Python Forum
Sort by the largest number of the same results (frequency) - Printable Version

+- Python Forum (https://python-forum.io)
+-- Forum: Python Coding (https://python-forum.io/forum-7.html)
+--- Forum: General Coding Help (https://python-forum.io/forum-8.html)
+--- Thread: Sort by the largest number of the same results (frequency) (/thread-25239.html)

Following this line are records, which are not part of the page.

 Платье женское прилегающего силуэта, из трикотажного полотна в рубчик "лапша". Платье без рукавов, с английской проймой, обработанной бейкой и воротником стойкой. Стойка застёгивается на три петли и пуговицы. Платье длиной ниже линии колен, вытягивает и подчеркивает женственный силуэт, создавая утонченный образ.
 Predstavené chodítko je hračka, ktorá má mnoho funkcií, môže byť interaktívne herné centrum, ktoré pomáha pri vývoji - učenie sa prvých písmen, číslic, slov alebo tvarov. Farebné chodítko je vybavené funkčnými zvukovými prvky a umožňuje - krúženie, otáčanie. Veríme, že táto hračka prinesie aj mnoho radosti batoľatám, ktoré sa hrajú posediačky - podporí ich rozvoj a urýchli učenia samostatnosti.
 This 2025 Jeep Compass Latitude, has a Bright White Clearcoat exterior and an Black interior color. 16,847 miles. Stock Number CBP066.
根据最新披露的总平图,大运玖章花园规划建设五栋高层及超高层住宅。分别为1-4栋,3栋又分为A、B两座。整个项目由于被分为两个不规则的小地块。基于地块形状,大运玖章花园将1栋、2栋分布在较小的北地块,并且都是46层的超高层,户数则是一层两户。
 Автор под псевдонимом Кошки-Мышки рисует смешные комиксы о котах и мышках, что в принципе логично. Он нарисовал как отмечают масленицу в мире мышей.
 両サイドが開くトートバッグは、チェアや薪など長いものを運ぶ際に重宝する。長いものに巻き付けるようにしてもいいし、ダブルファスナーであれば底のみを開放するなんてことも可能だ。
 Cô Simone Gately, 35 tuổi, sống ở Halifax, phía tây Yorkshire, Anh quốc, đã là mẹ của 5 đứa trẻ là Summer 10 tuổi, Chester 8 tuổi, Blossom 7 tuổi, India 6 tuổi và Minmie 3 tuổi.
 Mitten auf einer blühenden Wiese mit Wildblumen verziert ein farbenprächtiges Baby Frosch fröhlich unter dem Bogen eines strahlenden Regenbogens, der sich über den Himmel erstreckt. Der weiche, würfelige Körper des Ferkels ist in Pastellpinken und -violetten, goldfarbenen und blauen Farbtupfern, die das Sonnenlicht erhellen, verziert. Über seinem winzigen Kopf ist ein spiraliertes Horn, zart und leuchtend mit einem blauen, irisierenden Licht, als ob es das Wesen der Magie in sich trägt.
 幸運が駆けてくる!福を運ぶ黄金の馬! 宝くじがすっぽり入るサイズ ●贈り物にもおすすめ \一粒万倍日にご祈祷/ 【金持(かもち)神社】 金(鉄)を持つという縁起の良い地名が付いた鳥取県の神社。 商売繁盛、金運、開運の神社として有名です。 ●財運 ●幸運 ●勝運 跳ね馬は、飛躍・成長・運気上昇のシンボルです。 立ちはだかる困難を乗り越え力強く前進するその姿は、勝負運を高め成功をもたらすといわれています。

Sort by the largest number of the same results (frequency) - inlovewiththedj - Mar-24-2020

Hello

I have a sorting question
Now I’m using Notepad++ but it is difficult to sort in my way.

For example
I have few examples in random order

10AndrewJNVR
10Andrpt1Pf7
10Anuiot18g2
10Andrew1H54
10Andrew17yb
10Andre614uw
10Andr321EUb
10And48n1Q2K
10And1in15tA
10Andrew13gG
10An987ppKeP
10Andrew1Dom


How to sort text ie. in Notepad ++ (with python addon) like in bellow
at the very top after sorting there will be addressess with the names most often repeating or closest,
then subsequent, subsequent and subsequent ones as in the example below

So
How to sort to this way:



10Andrew1Dom
10Andrew1H54
10Andrew13gG
10Andrew17yb
10AndrewJNVR
10Andre614uw
10Andr321EUb
10Andrpt1Pf7
10And1in15tA
10And48n1Q2K
10Ana87ppKeP
10Anuiot18g2


RE: Sort by the largest number of the same results (frequency) - DPaul - Mar-25-2020

How do you know when to take all the letters and when not.
10Ana87ppKeP should come first ?

DPaul


RE: Sort by the largest number of the same results (frequency) - inlovewiththedj - Mar-25-2020

(Mar-25-2020, 04:49 PM)DPaul Wrote: How do you know when to take all the letters and when not.
10Ana87ppKeP should come first ?

DPaul

No, as You can see i need solution to find moast similar string so string with the most same characters
like
10Andrew1Dom
10Andrew1H54
10Andrew13gG
10Andrew17yb

then

10AndrewJNVR
10Andre614uw

and son on, so on


RE: Sort by the largest number of the same results (frequency) - DPaul - Apr-01-2020

Apart from the fact that i can think of better coding practices,
there is no simple way this can be done.

In my opinion, the reason is that you should sort on the
longest matching string (andrew1) to the smallest (an),
except you can't because they are hidden in the coded string.
If "an"... happens to be first you are going to have a lot of
matches, but you don't want the andrew1...to be included.
catch 22 if you ask me.

There is a possibility, but clumsy and elaborate. I have not worked it out.
What you could try:
for every entry in the list:
match the whole code with the other codes, write down the number of matches + length of the matchstring.
For that same code, take away the last position, do the same thing. [:-1]
Then take away the then last letter again, etc. until the len = 0
Then repeat the process for the second code, entc.
At the end you should be able to see what the longest len() with the most matches was.

Good luck
Paul